Triaging patients and caseloads with the Isla solution
The panel moved on to discuss Isla’s value in triaging patients and caseloads, as well as some of the customisation on offer for different specialties. “Streamlining is something we’re really focused on,” Lara said, “so that includes gathering information from patients whilst they’re still at home, reducing bottlenecks, reducing unnecessary appointments, and working in integrations.” Once patients are placed on a waiting list, they’re sent a text with a link to complete the questionnaire, which “doesn’t require them to log in or create an account”, she went on, “just to verify with their date of birth”.
The bespoke nature of the questionnaires means “they can be really configured to the pathway”, and the solution can triage based on the specialty or “even the procedure”, allowing tweaks to be made where there might be something specific to a pathway, Lara shared. “It’s all automated, so from that first text sent out with the questionnaire, to reminders if they haven’t completed it, there’s no manual need to contact patients, and there’s also visibility of those patients who haven’t submitted, and who might need a different approach.”
Once the questionnaire has been submitted, Isla also has automations which “pick out answers which might be relevant”, according to Lara, “so for example if they have diabetes, or if they smoke a certain number of cigarettes per day, we can build work lists based around those”. Having that dashboard with that visibility makes it easier for teams working through the list, she said, “so they can see that cohort view, rather than having to work through looking at individual patients”.

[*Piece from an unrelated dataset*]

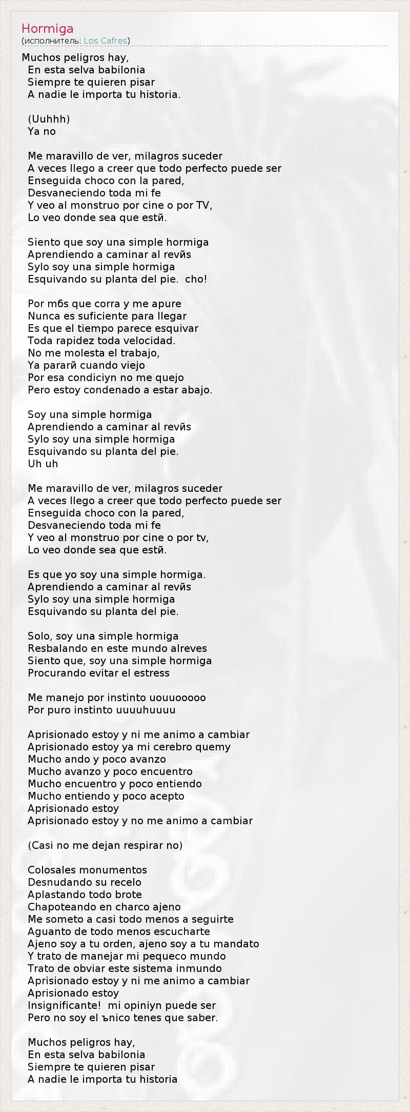 Muchos peligros hay, En esta selva babilonia Siempre te quieren pisar A nadie le importa tu historia. (Uuhhh) Ya no Me maravillo de ver, milagros suceder A veces llego a creer que todo perfecto puede ser Enseguida choco con la pared, Desvaneciendo toda mi fe Y veo al monstruo por cine o por TV, Lo veo donde sea que estй. Siento que soy una simple hormiga Aprendiendo a caminar al revйs Sуlo soy una simple hormiga Esquivando su planta del pie. cho! Por mбs que corra y me apure Nunca es suficiente para llegar Es que el tiempo parece esquivar Toda rapidez toda velocidad. No me molesta el trabajo, Ya pararй cuando viejo Por esa condiciуn no me quejo Pero estoy condenado a estar abajo. Soy una simple hormiga Aprendiendo a caminar al revйs Sуlo soy una simple hormiga Esquivando su planta del pie. Uh uh Me maravillo de ver, milagros suceder A veces llego a creer que todo perfecto puede ser Enseguida choco con la pared, Desvaneciendo toda mi fe Y veo al monstruo por cine o por tv, Lo veo donde sea que estй. Es que yo soy una simple hormiga. Aprendiendo a caminar al revйs Sуlo soy una simple hormiga Esquivando su planta del pie. Solo, soy una simple hormiga Resbalando en este mundo alreves Siento que, soy una simple hormiga Procurando evitar el estress Me manejo por instinto uouuooooo Por puro instinto uuuuhuuuu Aprisionado estoy y ni me animo a cambiar Aprisionado estoy ya mi cerebro quemу Mucho ando y poco avanzo Mucho avanzo y poco encuentro Mucho encuentro y poco entiendo Mucho entiendo y poco acepto Aprisionado estoy Aprisionado estoy y no me animo a cambiar (Casi no me dejan respirar no) Colosales monumentos Desnudando su recelo Aplastando todo brote Chapoteando en charco ajeno Me someto a casi todo menos a seguirte Aguanto de todo menos escucharte Ajeno soy a tu orden, ajeno soy a tu mandato Y trato de manejar mi pequeсo mundo Trato de obviar este sistema inmundo Aprisionado estoy y ni me animo a cambiar Aprisionado estoy Insignificante! mi opiniуn puede ser Pero no soy el ъnico tenes que saber. Muchos peligros hay, En esta selva babilonia Siempre te quieren pisar A nadie le importa tu historia

Looking at how the solution can work to reduce bottlenecks has also been important to the Isla team, Lara said. “It’s about identifying issues as early as possible, and one of the things we’ve been working on with NUH has been sending a message back into their systems when a patient might be the right fit for lifestyle optimisations, for example if a patient has consented to being referred for smoking cessation, that can be sent automatically.”
For RAG rating, Lara pointed to the way the solution works to identify patients who are eligible for a “reduced” appointment, or a telephone appointment, “and having this information and these clinically-led algorithms to identify that risk status can really help both teams and patients to prepare for their surgeries”.
Referring to the process around implementing the solution, Lara talked us through how Isla offers “bulk upload” functionality, “which allows us to go live straight away, without having to rely on a feed”. Instead of having to wait for integrations, patients can be uploaded into Isla and sent off onto their automatic pathway straight away”, she said.
“We’ve intentionally built the platform to be very configurable”, Lara told us, “and we’re very proud of that”. Ultimately, “it’s one core platform that can be used in a number of different ways”, she continued, “and we do that because there’s so much digital fragmentation in healthcare and we want to reduce that as much as possible”. On working with NUH and Alder Hey, she said, “both sites are similar but quite specific, so the fact our questionnaires can be completely customised means they can be tweaked depending on the pathway to fit the need”.
Our panellists next moved on to take questions from our live webinar audience. We’d like to thank all of our panellists for their time in sharing these insights with us.